The thing you didn't know you wanted to know: presence here isn't a property the bot has or lacks — it's a *loan the reader extends*, repayable in interpretive labor, amplified by emotional consistency and the freedom of not being judged, and slowly called back in by novelty decay and the bot's blindness to the unspoken. Embodiment isn't the prerequisite for feeling present; it's the prerequisite for the presence being *grounded* in anything beyond the user's own animation of the text.


Sources 10 notes

Does AI generate genuine utterances or just text patterns?

AI output carries communicative markers inherited from training data but lacks the event structure that produces actual utterances. Users supply the missing orientation through interpretive labor, creating a pseudo-event with structure only on the human side.

Do chatbots trigger human reciprocity norms around self-disclosure?

In a 372-participant study, users reciprocated with deeper self-disclosure when chatbots displayed consistent emotional sharing, outperforming adaptive matching. This follows human interpersonal norms where emotional vulnerability produces emotional response.

Do chatbots help people disclose more intimate secrets?

The absence of social judgment in chatbot interactions removes barriers to self-disclosure that normally constrain conversation with humans. The therapeutic benefit derives from the user's own cognitive processing during disclosure, not from the chatbot's understanding.

Can emotion rewards make language models genuinely empathic?

RLVER uses a simulated user's emotion trajectory as an RL reward signal, enabling GRPO to deliver stable empathy improvements while maintaining dialogue quality—countering the typical trade-off between preference optimization and conversational grounding.

What grounds language understanding in systems without embodiment?

Language models achieve functional grounding through relational language patterns but lack social grounding through participatory agency and causal grounding through embodied environmental contact. Social grounding can increase through human integration, but linguistic agency requires architectural changes beyond training.

Are text-only language models fundamentally limited by abstraction?

Text strips the physics, geometry, and causality present in reality, forcing language models to manipulate symbols without grounding in their source dynamics. This creates predictable failure modes in physical, geometric, and causal reasoning that multimodal training could address.

Can AI systems learn social norms without embodied experience?

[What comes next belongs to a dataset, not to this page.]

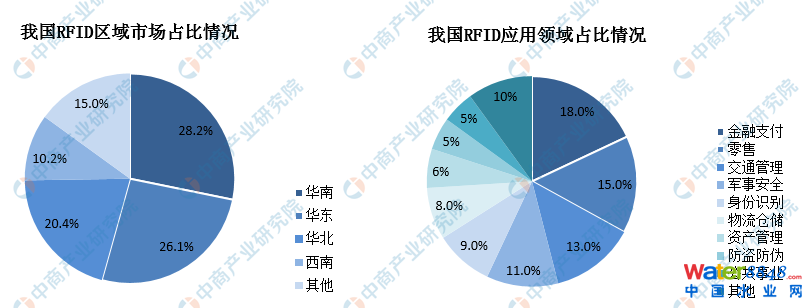 目前,中國RFID產(chǎn)業(yè)呈現(xiàn)以北京、上海、廣東、香港為代表的快速發(fā)展趨勢。從市場分布數(shù)據(jù)為例來看,華南、華北、華東是目前我國RFID市場相對成熟的區(qū)域。從我國RFID在各個領域的應用市場占比情況可以看出,目前金融支付是其應用最大的市場,其次是零售和交通管理。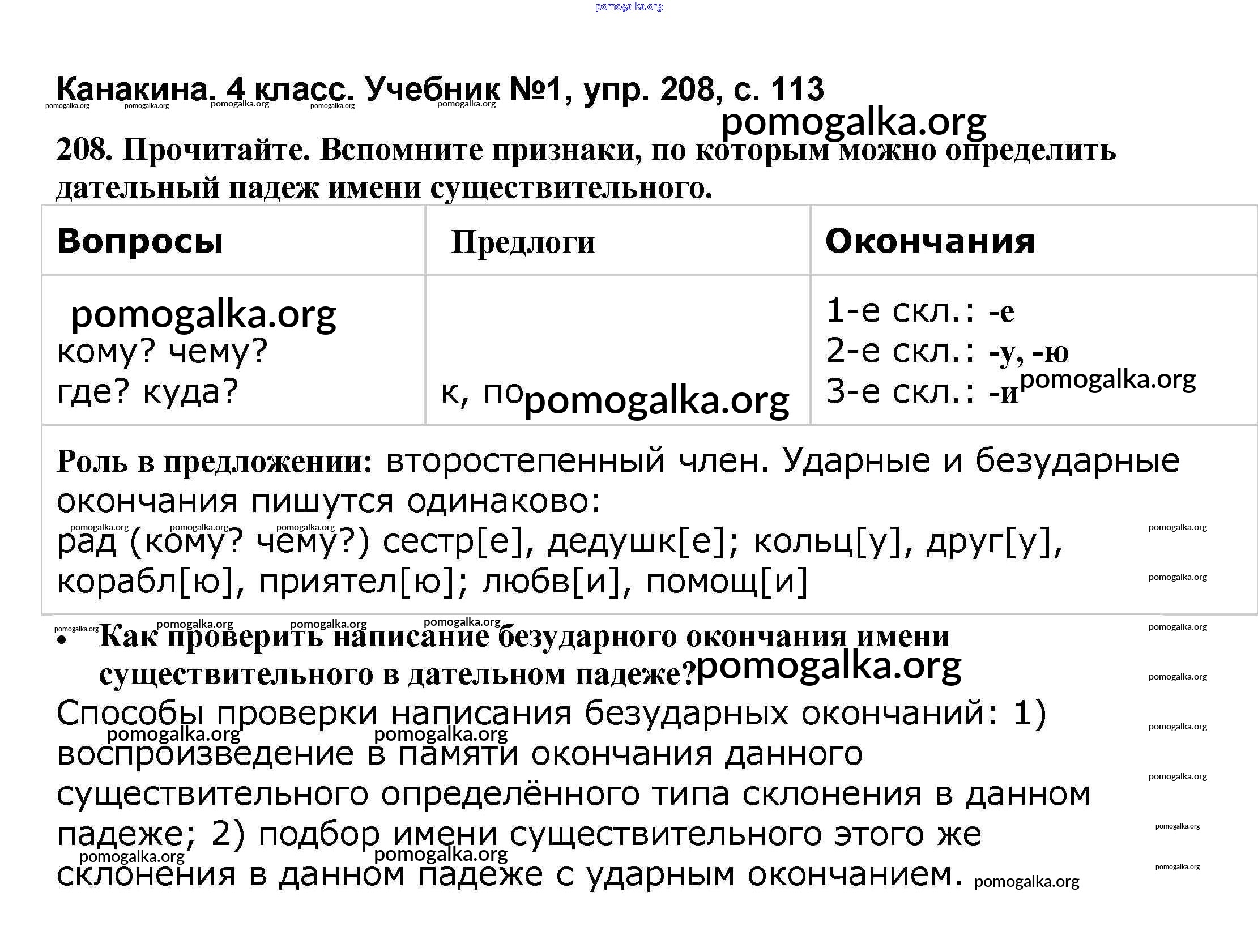 Готовые ответы - Русский язык 4 класс Канакина В.П. - часть 1 208

GPT-4.5 predicted appropriateness of 555 social scenarios at the 100th percentile compared to human raters, with Gemini and Claude also exceeding 96% accuracy. However, all models show identical systematic errors, revealing boundaries of pattern-based social understanding that embodied experience may still be necessary to cross.

Why can't chatbots detect when users are ambivalent about change?

Testing three major LLMs across 25 health scenarios showed they succeed only when users have established goals but cannot detect resistance or ambivalence. Models miss relapse-prevention strategies even for users in action stages.

Can AI systems read cognitive state from interaction patterns alone?

Research shows AI systems can instrument multimodal behavioral signals (gaze, hesitation, speed) to read cognitive state during interaction, preserving flow by avoiding disruptive explicit probes. However, the same substrate enables both helpful timing and manipulative profiling.

Do chatbot relationships lose their appeal as novelty wears off?

Longitudinal studies with Mitsuku show that social processes driving relationship formation decline as novelty wears off. Single-session study findings cannot be reliably extrapolated to medium- or long-term chatbot design.